First of all, I am exhausting. I know it. My past year or more has been 'me, me, me' and I get that a whole bunch of 'me' is really annoying. My saga has been the SOS (same ol shit) for months upon months. I just think that friends can only take so much and I feel like I exceeded "so much" about six months ago.
So, when the time came for me to move out, I just did it. I didn't announce it or debate it or ask for advice. I knew I had to to it. The time had come, no matter what anyone thought (not that I'd ever had dissenting voices from the people who love me).
I just was trying to find me. And me means me. The me I am at the end of the day when no one is around to ask what we should have for dinner. The me who decides what time everyone (me) goes to bed, the me who does anything and everything she wants.
(On a side note, I MISS my kids. ME doesn't want to be solo. I want my kids in my life always, let me make that clear).
So, I moved out. In some ways, it's huge. In other ways, it just is what it is. Much like everything else in life.
Heidi Klum is hot, even after three kids. Just is what it is. Tom Brady is a gifted athlete who can knock up a supermodel, dump his former girlfriend and still be her baby daddy, grow his hair long, and still rack in huge bucks as an NFL quarterback. Yeah, doesn't feel fair but it just IS WHAT IT IS.
Plus, Tom Brady is gross, so I hardly care.

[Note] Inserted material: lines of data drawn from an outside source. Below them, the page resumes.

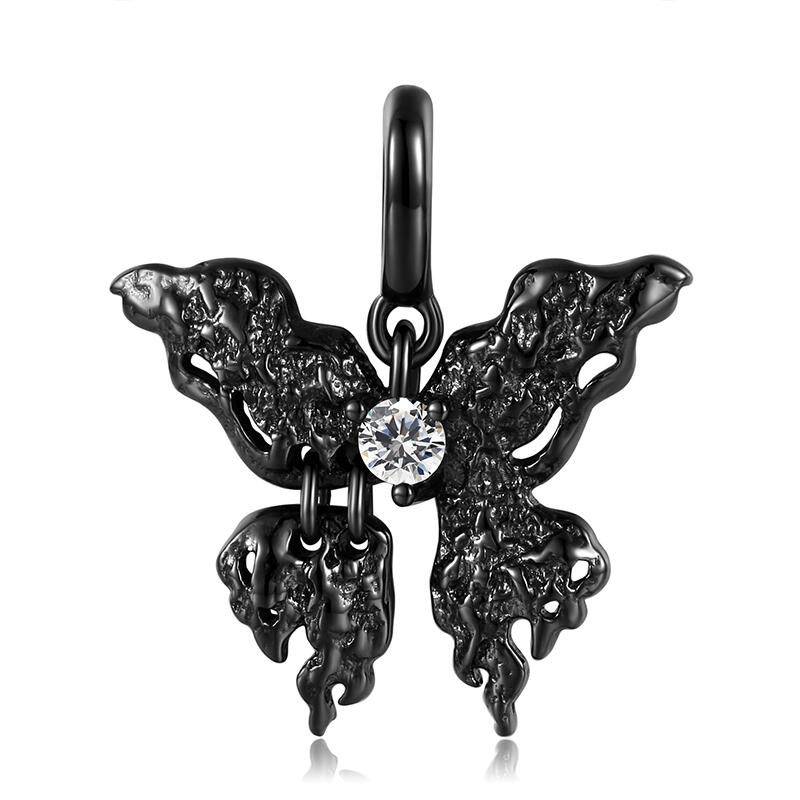 Like a nocturnal butterfly emerging from the shadows, this necklace encapsulates the allure of the night. Adorned with a pristine white gemstone, this exquisite piece is crafted from sterling silver and coated with a sleek black electroplating, embodying the essence of the dark aesthetic. Its intricate design showcases the delicate wings of the butterfly, meticulously crafted to evoke a sense of mystery and enchantment.
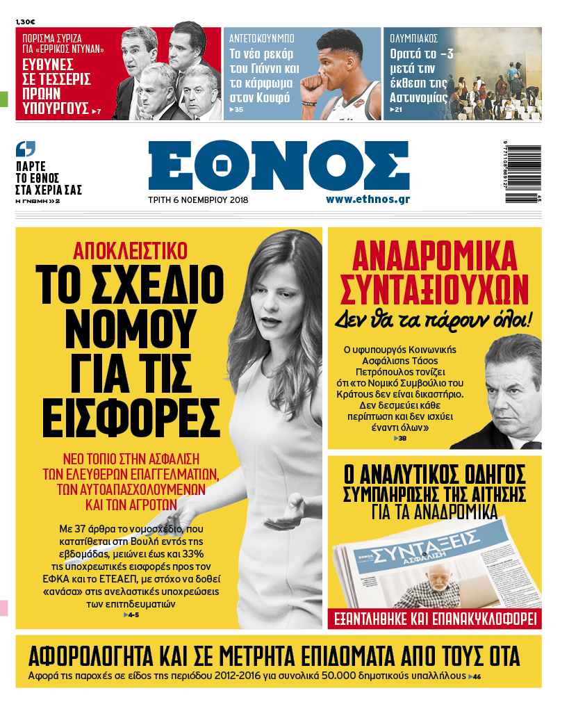 Την Τρίτη (6/11) στο ΕΘΝΟΣ που κυκλοφορεί...🕛 χρόνος ανάγνωσης: 1 λεπτό ┋
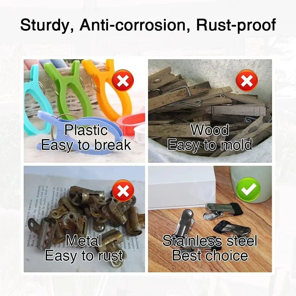 ✨ Versatile and Compact: These 10-pack clothes pins are perfect for various uses. Each pin measures 2.17 inches, making them ideal for photos, chips, and food. They serve as bag clips, mini clothespins, and food clips. Heavy-duty design ensures durability.
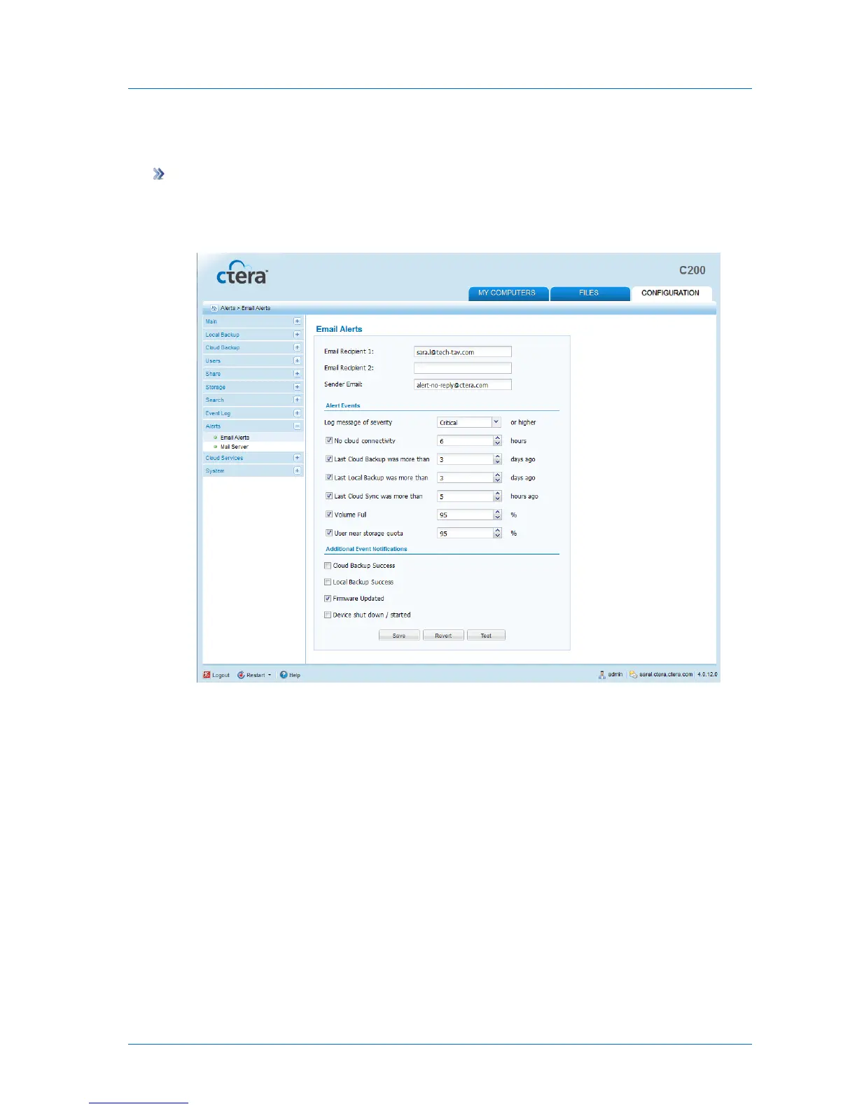 1 In the Configuration tab's navigation pane, click Alerts > Email Alerts.
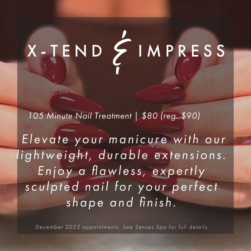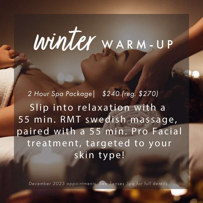 *All December Senses-ations are available for December 2025 appointments at Senses Spa & Boutique. Offers cannot be combined with any other promotion or offer. Bonus Spa Dollars are available with an in person gift card purchase (min. gift card purchase $100). Gift cards are not available for online purchase. See Senses Spa staff for full details.
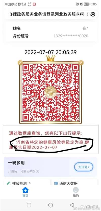 第2步是怎么在技术上实现?我怀疑他们是把这群村镇银行储户设置为了境外人员,放在境外人员库里,于是健康码就全
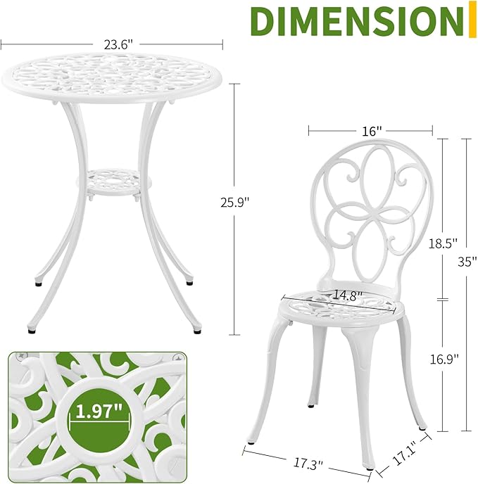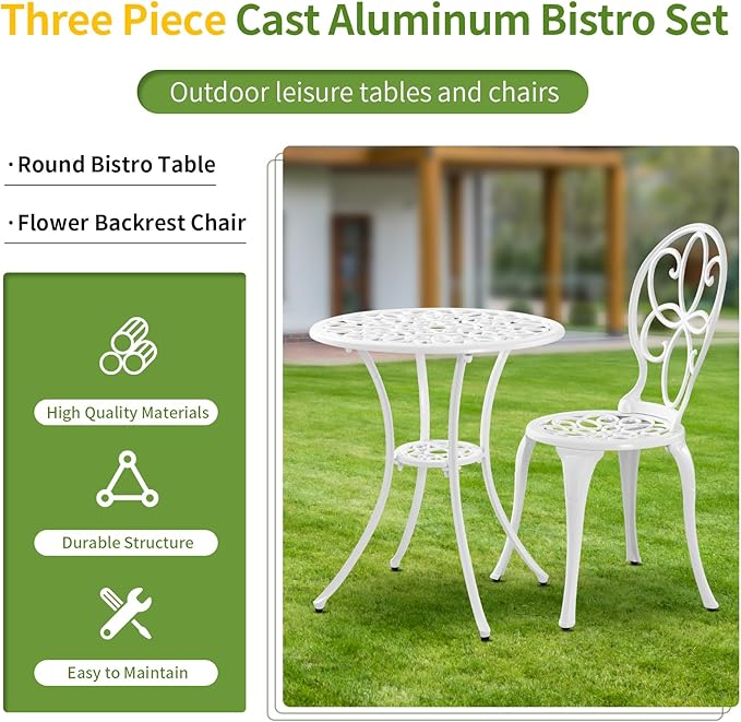 About This 【Durable Bistro Sets】Outdoor Bistro set made of solid cast aluminum with resistant powder coated, which is waterproof and...
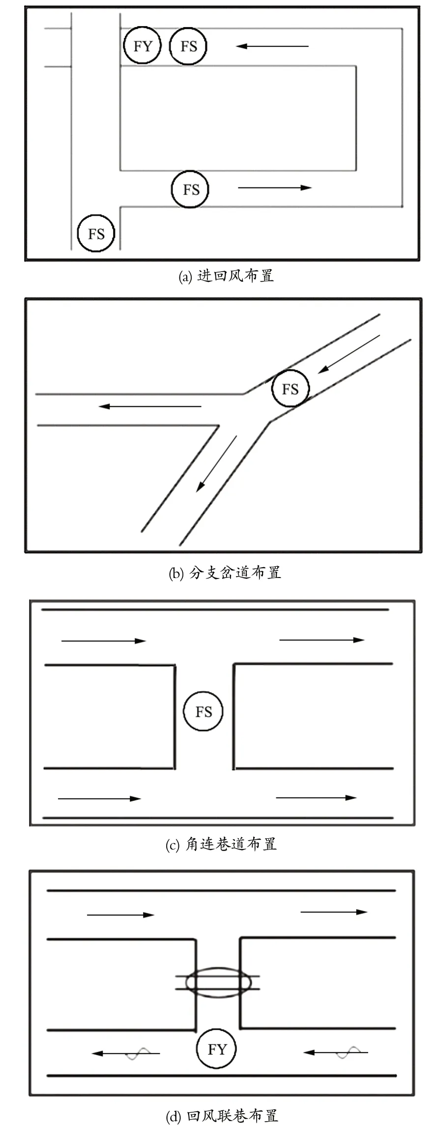 針對井下各地點作業(yè)內(nèi)容與通風不同方式,尤其是在繞道車場、分支岔路巷道和聯(lián)絡巷等地點,需要安裝傳感器進行監(jiān)測。此外,在 Y 形和 U 形通風方式的采煤工作面回風流側也容易出現(xiàn)風流不穩(wěn)定現(xiàn)象;在主要運輸大巷、掘進工作面設置有調(diào)節(jié)風窗的風門前后,由于運輸需要經(jīng)常開啟風門,容易導致風流擾動影響較大,產(chǎn)生局部風速、風壓變化。這些地點均需要安裝傳感器加強監(jiān)測。

Anyway, back to me. Friends of mine, I'm still here, where I have always been. One third of me being the best mom I know how to be, despite all my flaws, another third of me being the best teacher I can possibly be, and the last third of me working massively hard to figure out who I am while constantly perched behind this laptop. Hit me up on email if you want. I'm always receptive!
I love everyone. Including A and S. Which has probably been the biggest problem of my life.
But I love all my friends too and now, more than ever, I need you. I'm asking out loud.
I need you and love you and I will be great, I just feel it!
Love you!
K
I love and miss you dearly, friend of mine <3 xo
ReplyDeleteHang in there Kate. Do you have a plan for the holidays? You need a plan to ease the transition to the new reality.
ReplyDeleteHey Nana,
ReplyDeleteWe do have plans and I feel good about them. The kids and I are heading to the country to visit my sister and my dad for several days. My sister has two boys the exact (within two months) same age as two of mine and they are best buds.
A will go to his parents.
I'm excited.
As for Christmas, we haven't gotten that far yet, but it might look like a family slumber party in the living room or something.
We are flexible and open.
Thanks for asking!
I think that waiting until you know how to phrase your news, and how to deal with whatever feedback you might get, does not an ass of you make.
ReplyDeleteIt seems to me you're handling all of this remarkably well. There doesn't seem to be that "trying to manage everything and everybody all the time" with you these days.
Quite the relief, no?
June,
ReplyDeleteIt feels different this time. There is more peace, less turmoil.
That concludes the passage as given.